Under Review

The Crowbots

Days Run Away (Self-Released)

By Adam Smylie

crowbots

What do you get when you spend a year and a half scavenging the carcasses of 20th-century rock songs, then spend another year and a half frankensteining them back to life? If you’re the Crowbots, you get five energetic tracks that sound at once classical and freshly technical.

Recorded in 2013 by Justin Guptell, this album sounds like you’re getting a rockin’ live performance in the comfort of your own headphones. That’s because The Crowbots recorded the whole band in the same room, at the same time. As a result, the sound is raw and loose and under-produced, but also right on the money. The Crowbots draw you in with familiar sounds so you’re close enough to feel the blast when they put the hammer down in songs like “The Shakes,” or when they cross into the realm of advanced waveforms, metallic pulses, and fuzzy frequencies right in the middle of boppin’ songs like “Ceci Doo-Wop” and “Gridlock Boogie.” Days Run Away moves like a noisy river through rock’s tumultuous history and picks up its fair share of treasures along the way.

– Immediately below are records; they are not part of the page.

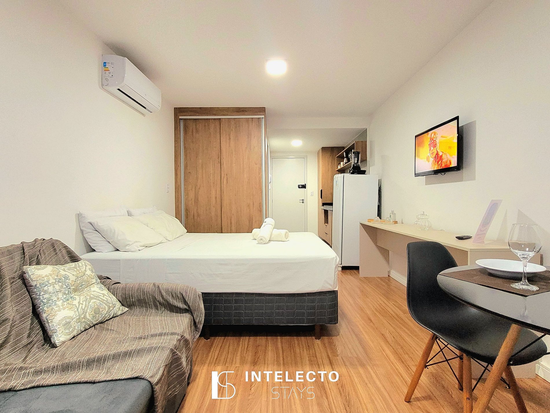 - Espaços integrados (quarto com cama queen e sala de estar com sofá-cama) com armários e guarda-roupas planejados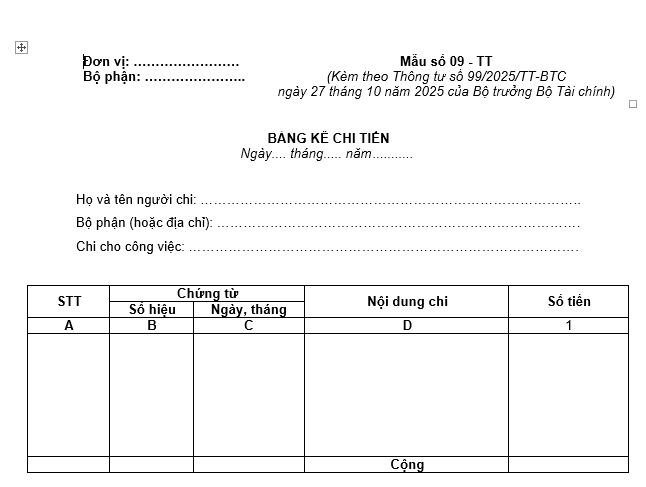 Mẫu bảng kê chi tiền mới nhất năm 2026 là Mẫu số: 09 – TT được ban hành kèm theo Thông tư số 99/2025/TT-BTC có hiệu lực từ ngày 01/01/2026 (Thay thế cho mẫu 09 – TT theo Thông tư 200)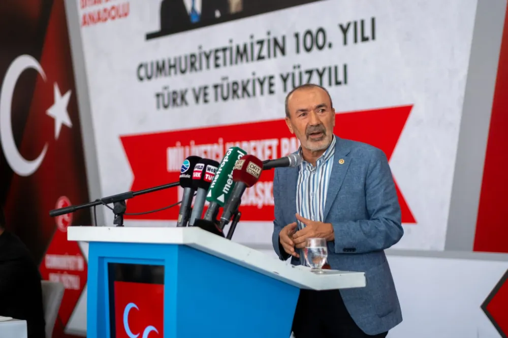 “Şimdi, buna bir de anketçiler sıraya girdiler. En son, bir hafta evvel, gazetelere yansıyan bir anket şirketinin araştırdığına göre Diyanete olan güven aşağı inmiş, çok enteresan. Efendim, bizim de ilk aklımıza gelen 2023 anket sonuçları. 2023 seçimlerindeki anket sonuçlarında Milliyetçi Hareket Partisini, oy birliğiyle, anketçilerin yüzde 95'i barajın altına gömdü ve halka ilan ettiler. Şimdi, Milliyetçi Hareket Partisi barajdan nasıl çıktı? Barajın üzerine çıktı, Türkiye'nin 3'üncü büyük partisi oldu ve yeri burada, işte buradalar” diye konuştu.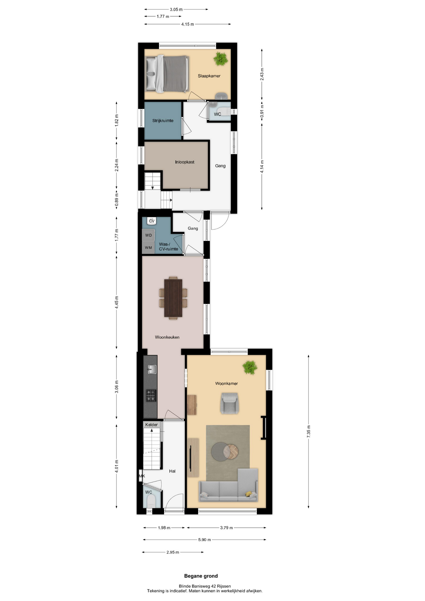 Vermelde maatvoeringen en gepubliceerde plattegronden zijn opgesteld binnen de kaders van de Branche Brede Meetinstructie; gebaseerd op NEN2580, met een onderverdeling in verschillende gebruiksoppervlakten. Omdat de publicatie ingevoerde gegevens via diverse, externe kanalen geschiedt, kan Daan Makelaars BV geen aansprakelijkheid aanvaarden voor onjuiste weergave van informatie.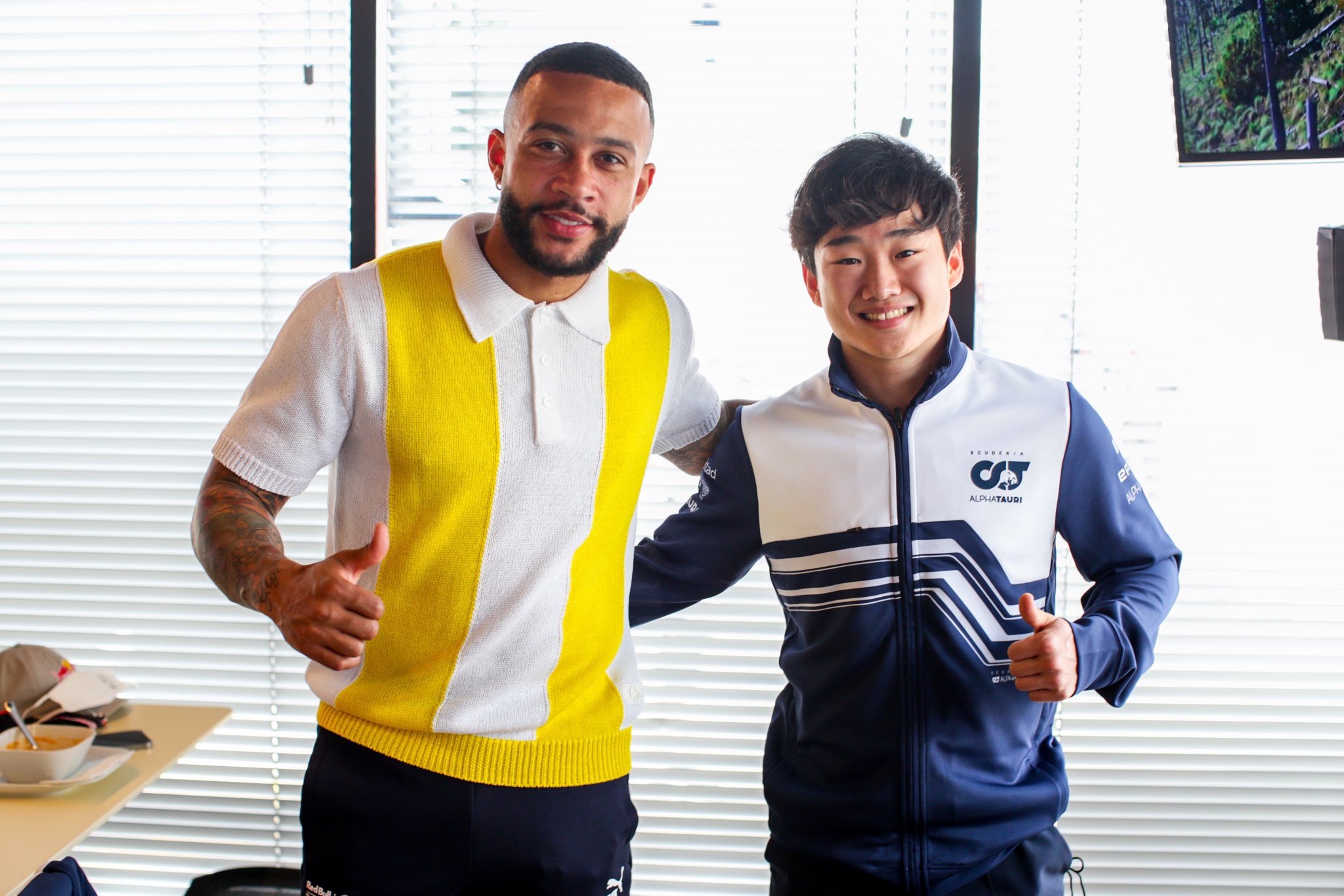 荷兰球星,目前效力于西甲巴塞罗那俱乐部的球员孟菲斯·德佩今日在加泰罗尼亚赛道探班F1冬季测试。与维斯塔潘,加斯利和角田合影。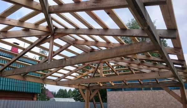 - Устанавливаем стропильные ноги (доски) в единую стропильную систему, напоминающую русскую букву «Λ». Делать это лучше всего из брусьев 15 на 10 см. Чтоб конструкция была крепче, каждую букву соединяем поперечиной (растяжкой), чтобы получилась буква «А». Стропила закрепляют через каждый метр, начиная от края.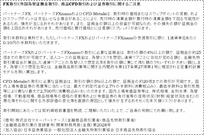主力商品である外国為替証拠金取引では、1万通貨単位、PCからのストリーミング注文は100%スリッページなしで約定力9年連続No.1の「パートナーズFX」※3と、100通貨単位で初心者向けの「パートナーズFX nano」の、2種類のサービスを提供中です。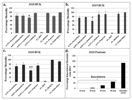 Results of WHO tubes bioassays with different public health insecticides. Results are average of percentage mortalities at 24 h post-exposure, with error bars denoting standard deviation. (a–c) indicate result from the BUK population in 2018, 2019 and 2020 respectively, while (d) indicates the results of 2020 Pantami population with 4 % DDT. * and ** = mortalities significantly different for ƛ-cyhalothrin when comparing 2018 vs. 2019 (p < 0.05) and 2018 vs. 2020 (p < 0.01).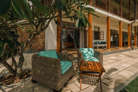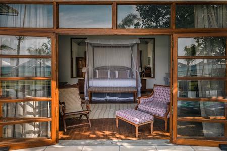 The heart of the villa is the open-plan living and dining space, designed for relaxed tropical living. A stylish bar anchors one end of the room, perfect for evening cocktails, while the indoor dining table opens onto the breezy veranda for al fresco meals. With the beach just steps away and panoramic views of the sea from nearly every corner, the setting invites you to slow down & savour the moment.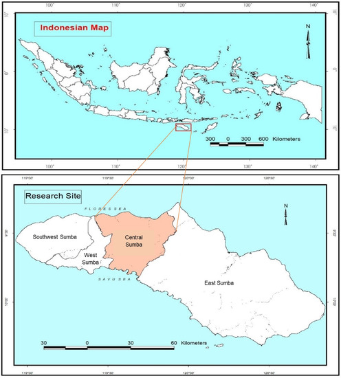 - Central Sumba District Statistical Bureau. Sumba Tengah Dalam Angka 2017 (Central Sumba District in Figures 2017); Central Sumba District Statistical Bureau: Waibakul, Indonesia, 2017. [Google Scholar]

If there’s one fault in this debut EP, it’s that it’s easy to think you’ve heard it all before — but keep listening. It’s the same bottle, yes, but the wine is new. Those Marty McFly Fender Strat solos turn into dreamy ice cream beats, and those Jimi Hendrix riffs turn into Mark Mothersbaugh synth pop, just for fun. All things considered, Days Run Away is refined but still spontaneous, like a good hair day. It marks The Crowbots as a band to watch out for in 2015.